### DATA FOR THIS TASK
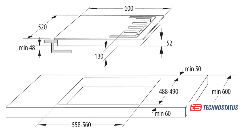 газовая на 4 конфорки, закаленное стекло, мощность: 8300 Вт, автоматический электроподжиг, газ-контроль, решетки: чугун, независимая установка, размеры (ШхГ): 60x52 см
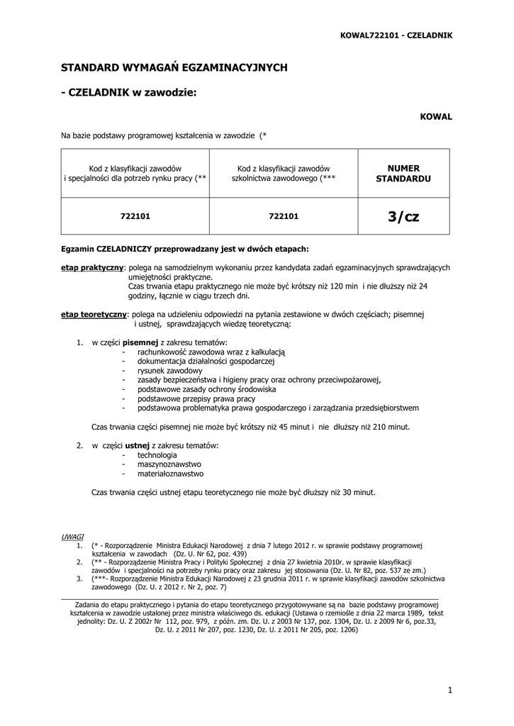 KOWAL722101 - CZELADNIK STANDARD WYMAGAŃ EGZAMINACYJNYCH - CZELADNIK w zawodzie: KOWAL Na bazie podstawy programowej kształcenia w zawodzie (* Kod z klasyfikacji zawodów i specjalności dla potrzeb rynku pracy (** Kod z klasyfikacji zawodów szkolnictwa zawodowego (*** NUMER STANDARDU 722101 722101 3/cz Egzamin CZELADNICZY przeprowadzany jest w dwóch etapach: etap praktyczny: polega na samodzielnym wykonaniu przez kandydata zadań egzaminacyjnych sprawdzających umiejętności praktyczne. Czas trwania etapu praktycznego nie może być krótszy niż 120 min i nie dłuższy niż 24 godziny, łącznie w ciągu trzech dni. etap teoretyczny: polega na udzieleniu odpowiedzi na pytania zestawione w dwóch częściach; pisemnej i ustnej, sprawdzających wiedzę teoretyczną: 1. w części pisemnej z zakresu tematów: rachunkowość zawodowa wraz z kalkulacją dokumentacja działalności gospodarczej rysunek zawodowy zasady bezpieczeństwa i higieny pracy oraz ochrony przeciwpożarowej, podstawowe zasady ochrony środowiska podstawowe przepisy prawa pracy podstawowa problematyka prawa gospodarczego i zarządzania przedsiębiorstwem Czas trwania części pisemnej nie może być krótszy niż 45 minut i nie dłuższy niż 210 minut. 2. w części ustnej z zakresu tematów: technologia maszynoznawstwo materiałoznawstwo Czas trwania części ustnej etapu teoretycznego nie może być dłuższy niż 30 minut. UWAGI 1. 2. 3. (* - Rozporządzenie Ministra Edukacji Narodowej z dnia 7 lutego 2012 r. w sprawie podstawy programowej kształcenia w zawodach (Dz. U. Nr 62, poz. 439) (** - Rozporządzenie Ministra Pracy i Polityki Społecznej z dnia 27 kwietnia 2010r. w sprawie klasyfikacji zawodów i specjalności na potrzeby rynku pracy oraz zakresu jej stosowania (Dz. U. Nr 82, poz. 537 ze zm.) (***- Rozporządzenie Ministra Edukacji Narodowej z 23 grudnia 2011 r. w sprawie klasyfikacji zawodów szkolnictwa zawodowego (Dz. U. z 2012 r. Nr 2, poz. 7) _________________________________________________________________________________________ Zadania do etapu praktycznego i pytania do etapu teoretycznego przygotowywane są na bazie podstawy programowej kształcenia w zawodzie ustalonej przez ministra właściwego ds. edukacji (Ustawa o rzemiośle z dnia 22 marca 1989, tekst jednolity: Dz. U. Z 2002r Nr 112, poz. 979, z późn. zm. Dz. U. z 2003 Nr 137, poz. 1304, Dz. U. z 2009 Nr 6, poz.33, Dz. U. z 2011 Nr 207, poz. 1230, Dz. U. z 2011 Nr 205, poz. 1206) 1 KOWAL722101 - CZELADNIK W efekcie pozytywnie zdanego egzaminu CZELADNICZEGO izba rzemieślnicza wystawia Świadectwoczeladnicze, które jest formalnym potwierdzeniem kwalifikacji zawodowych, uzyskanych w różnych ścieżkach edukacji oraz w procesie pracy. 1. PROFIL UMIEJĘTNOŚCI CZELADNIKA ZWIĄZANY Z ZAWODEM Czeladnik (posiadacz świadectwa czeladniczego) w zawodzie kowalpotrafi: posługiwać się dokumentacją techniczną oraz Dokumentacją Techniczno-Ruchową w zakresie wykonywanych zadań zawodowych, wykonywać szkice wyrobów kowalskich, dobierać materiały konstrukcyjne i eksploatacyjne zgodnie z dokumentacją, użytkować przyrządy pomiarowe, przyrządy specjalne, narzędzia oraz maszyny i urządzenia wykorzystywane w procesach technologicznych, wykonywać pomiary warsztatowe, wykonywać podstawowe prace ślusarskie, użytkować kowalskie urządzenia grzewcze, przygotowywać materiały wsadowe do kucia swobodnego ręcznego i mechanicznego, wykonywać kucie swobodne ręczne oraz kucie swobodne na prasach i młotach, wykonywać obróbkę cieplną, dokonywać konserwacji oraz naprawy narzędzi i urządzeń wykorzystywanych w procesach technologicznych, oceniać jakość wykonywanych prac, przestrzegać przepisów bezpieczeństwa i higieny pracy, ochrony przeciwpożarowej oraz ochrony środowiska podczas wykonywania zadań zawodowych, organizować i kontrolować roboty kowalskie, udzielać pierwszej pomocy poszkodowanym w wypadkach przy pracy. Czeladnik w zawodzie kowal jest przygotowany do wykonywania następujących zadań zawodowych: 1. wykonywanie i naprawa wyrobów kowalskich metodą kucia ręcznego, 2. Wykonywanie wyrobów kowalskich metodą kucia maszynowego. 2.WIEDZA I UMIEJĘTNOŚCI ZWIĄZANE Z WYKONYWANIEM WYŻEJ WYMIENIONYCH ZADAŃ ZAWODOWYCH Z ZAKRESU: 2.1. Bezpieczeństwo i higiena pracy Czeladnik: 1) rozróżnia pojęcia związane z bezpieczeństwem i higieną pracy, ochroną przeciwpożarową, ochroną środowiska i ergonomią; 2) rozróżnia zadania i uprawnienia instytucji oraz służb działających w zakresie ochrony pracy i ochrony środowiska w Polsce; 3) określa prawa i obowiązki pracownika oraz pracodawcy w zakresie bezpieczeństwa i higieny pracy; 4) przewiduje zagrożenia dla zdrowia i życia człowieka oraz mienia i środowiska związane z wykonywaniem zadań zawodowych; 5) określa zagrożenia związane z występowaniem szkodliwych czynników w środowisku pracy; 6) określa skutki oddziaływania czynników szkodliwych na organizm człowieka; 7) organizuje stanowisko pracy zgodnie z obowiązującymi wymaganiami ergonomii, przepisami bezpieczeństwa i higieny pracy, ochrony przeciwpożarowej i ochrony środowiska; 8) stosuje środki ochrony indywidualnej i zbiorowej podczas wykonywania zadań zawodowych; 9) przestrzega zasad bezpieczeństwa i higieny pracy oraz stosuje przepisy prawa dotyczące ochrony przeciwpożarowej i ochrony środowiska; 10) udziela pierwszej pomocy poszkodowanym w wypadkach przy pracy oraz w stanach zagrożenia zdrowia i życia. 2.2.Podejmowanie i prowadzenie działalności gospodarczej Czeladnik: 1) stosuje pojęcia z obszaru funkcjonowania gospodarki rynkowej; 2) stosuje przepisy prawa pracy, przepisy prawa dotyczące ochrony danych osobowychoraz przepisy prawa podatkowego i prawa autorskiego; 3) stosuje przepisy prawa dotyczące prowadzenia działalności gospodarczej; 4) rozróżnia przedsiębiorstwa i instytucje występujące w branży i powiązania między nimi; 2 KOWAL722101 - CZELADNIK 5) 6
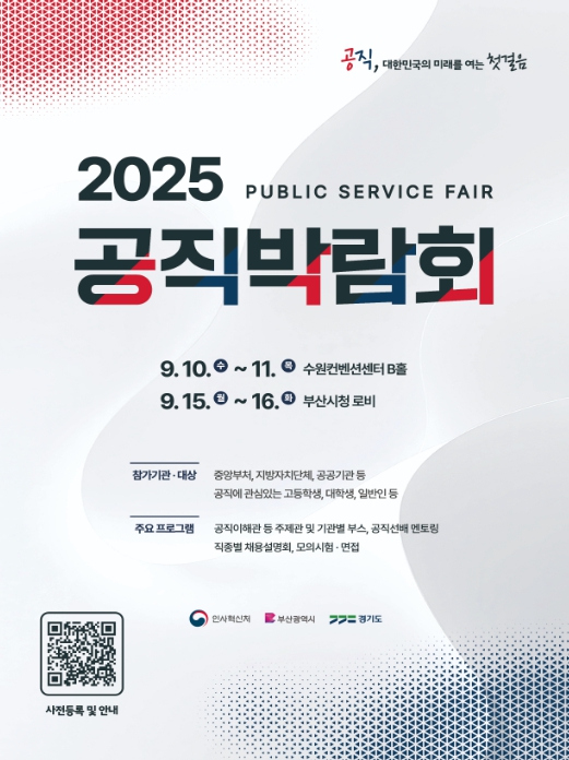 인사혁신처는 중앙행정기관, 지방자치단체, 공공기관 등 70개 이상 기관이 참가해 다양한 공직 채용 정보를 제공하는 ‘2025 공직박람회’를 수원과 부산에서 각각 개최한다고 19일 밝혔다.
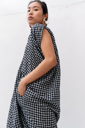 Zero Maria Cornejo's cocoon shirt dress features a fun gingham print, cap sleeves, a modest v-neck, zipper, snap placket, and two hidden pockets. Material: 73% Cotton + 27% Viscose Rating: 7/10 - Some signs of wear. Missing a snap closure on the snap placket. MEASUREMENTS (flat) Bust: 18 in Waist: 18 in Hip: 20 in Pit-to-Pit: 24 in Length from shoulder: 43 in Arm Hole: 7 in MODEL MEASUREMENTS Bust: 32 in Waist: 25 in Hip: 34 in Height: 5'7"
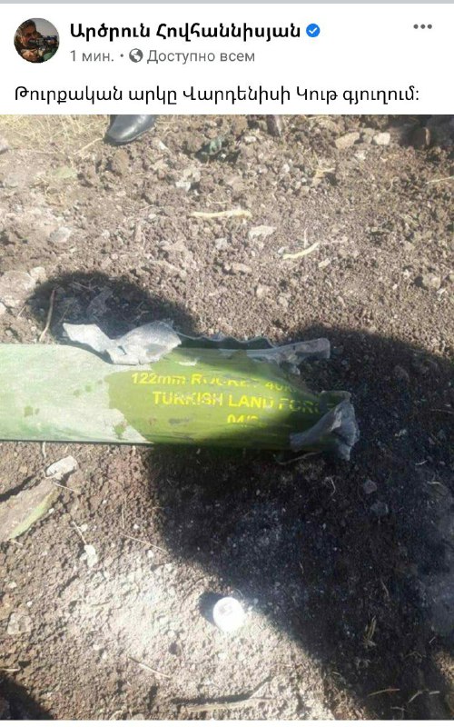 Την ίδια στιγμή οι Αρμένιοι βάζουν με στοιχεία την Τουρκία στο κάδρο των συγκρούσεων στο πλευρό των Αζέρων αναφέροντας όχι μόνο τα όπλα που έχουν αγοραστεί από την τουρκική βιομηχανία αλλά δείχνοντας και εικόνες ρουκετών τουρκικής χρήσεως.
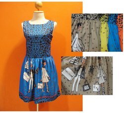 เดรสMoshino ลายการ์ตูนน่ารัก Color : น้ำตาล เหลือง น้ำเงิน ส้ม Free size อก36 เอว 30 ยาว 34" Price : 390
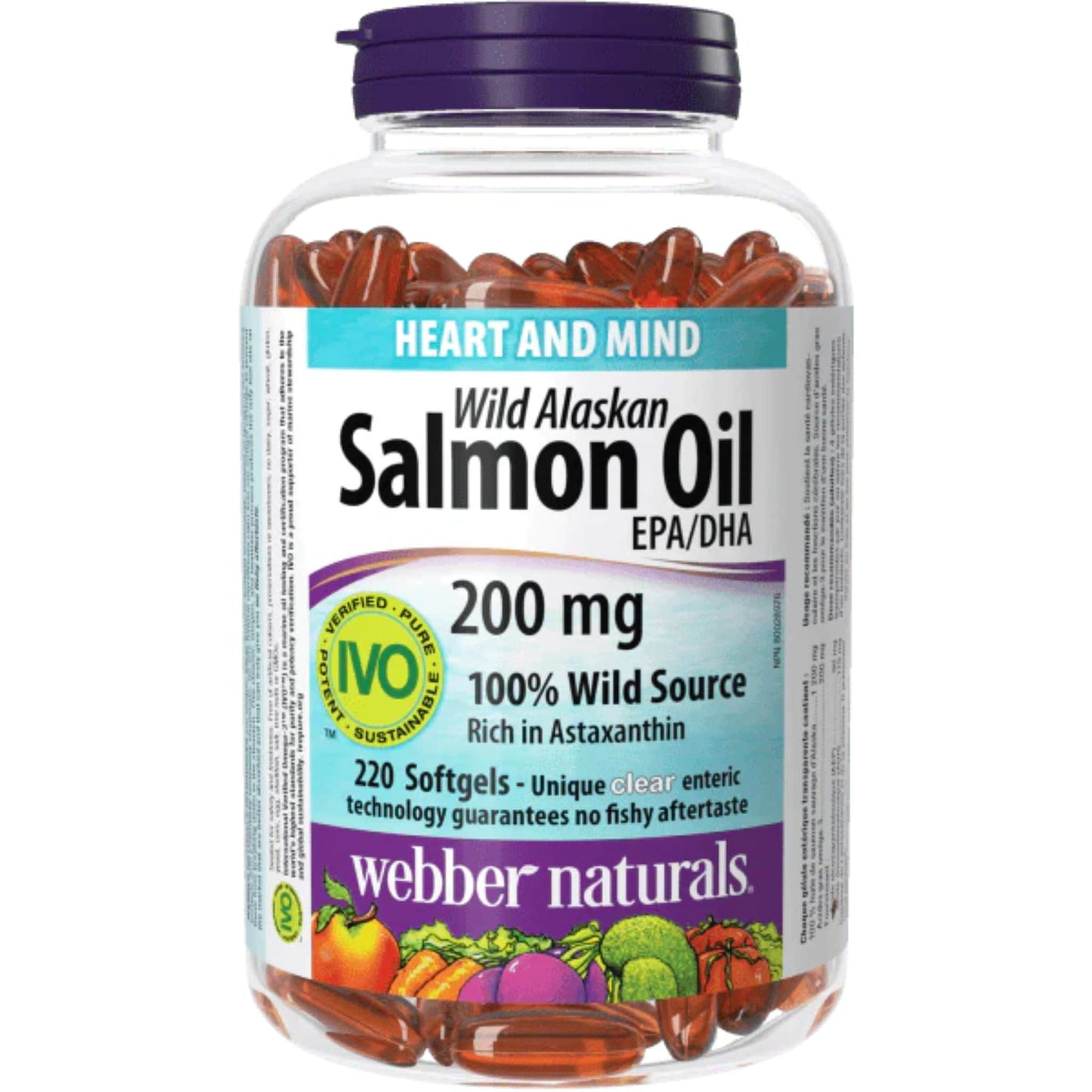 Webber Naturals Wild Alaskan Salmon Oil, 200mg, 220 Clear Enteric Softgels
######
YOUR TASK: The answer must be the lines above from the one containing "인사혁신처는 중앙행정기관, 지방자치단체, 공공기관" through the one containing "Zero Maria Cornejo's", reproduced exactly, with no pictures and nothing else.

RESPONSE TO THE TASK:
 인사혁신처는 중앙행정기관, 지방자치단체, 공공기관 등 70개 이상 기관이 참가해 다양한 공직 채용 정보를 제공하는 ‘2025 공직박람회’를 수원과 부산에서 각각 개최한다고 19일 밝혔다.
 Zero Maria Cornejo's cocoon shirt dress features a fun gingham print, cap sleeves, a modest v-neck, zipper, snap placket, and two hidden pockets. Material: 73% Cotton + 27% Viscose Rating: 7/10 - Some signs of wear. Missing a snap closure on the snap placket. MEASUREMENTS (flat) Bust: 18 in Waist: 18 in Hip: 20 in Pit-to-Pit: 24 in Length from shoulder: 43 in Arm Hole: 7 in MODEL MEASUREMENTS Bust: 32 in Waist: 25 in Hip: 34 in Height: 5'7"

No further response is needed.